Stat files in sequential order...done.
Delete files in sequential order...done.
Create files in random order...done.
Stat files in random order...done.
Delete files in random order...done.
Version 1.97 ------Sequential Output------ --Sequential Input- --Random-
Concurrency 1 -Per Chr- --Block-- -Rewrite- -Per Chr- --Block-- --Seeks--
Machine Size K/sec %CP K/sec %CP K/sec %CP K/sec %CP K/sec %CP /sec %CP
mint 512M 110 72 5173 3 5721 1 704 98 +++++ +++ 91.0 1
Latency 6428ms 2545ms 2241ms 26638us 64us 7248us
Version 1.97 ------Sequential Create------ --------Random Create--------
mint -Create-- --Read--- -Delete-- -Create-- --Read--- -Delete--
files /sec %CP /sec %CP /sec %CP /sec %CP /sec %CP /sec %CP
16 1624 7 +++++ +++ 3263 11 3676 19 +++++ +++ 10935 49
Latency 1061us 1950us 1766us 555us 257us 993us
1.97,1.97,mint,1,1458889676,512M,,110,72,5173,3,5721,1,704,98,+++++,+++,91.0,1,16,,,,,1624,7,+++++,+++,3263,11,3676,19,+++++,+++,10935,49,6428ms,2545ms,2241ms,26638us,64us,7248us,1061us,1950us,1766us,555us,257us,993us



I haven't had the "opportunity" to do another reboot yet,
thus I couldn't check whether behaviour is now different.

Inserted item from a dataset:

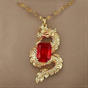Copper micro-inlaid zircon hip-hop loong ruby pendant necklace temperament light luxury niche design.

> > Thus, the question here would be
> > which parts may need to be sufficiently improved
> > to achieve an acceptable level of usability.
> > I'd think that even simply adding a message
> > that one is about to enter a potentially longer-term operation
> > (with a details message such as "recovery")
> > rather than "standard" mount activity
> > would be sufficient,
> > both for text boot *and* GUI boot with some sufficiently accessible
> > "boot details" window.
>
> Well, we could, but on most devices, it's largely wasted. Perhaps the
> more interesting question is why is your USB stick so slow? Because
> that's going to have a much larger usability issue for you...

Hmm, ok, I guess I could accept
not having a pre-recovery announcement done
if recovery is fully intended to be rather fast always.
Still, in my case status reporting then ended up sufficiently irritating,
due to rather unexpected behaviour (probably of this stick).

> Cheers,
>
> - Ted

Thank you!
(and apologies for the large delay in replying)

Andreas Mohr

--
GNU/Linux. It's not the software that's free, it's you.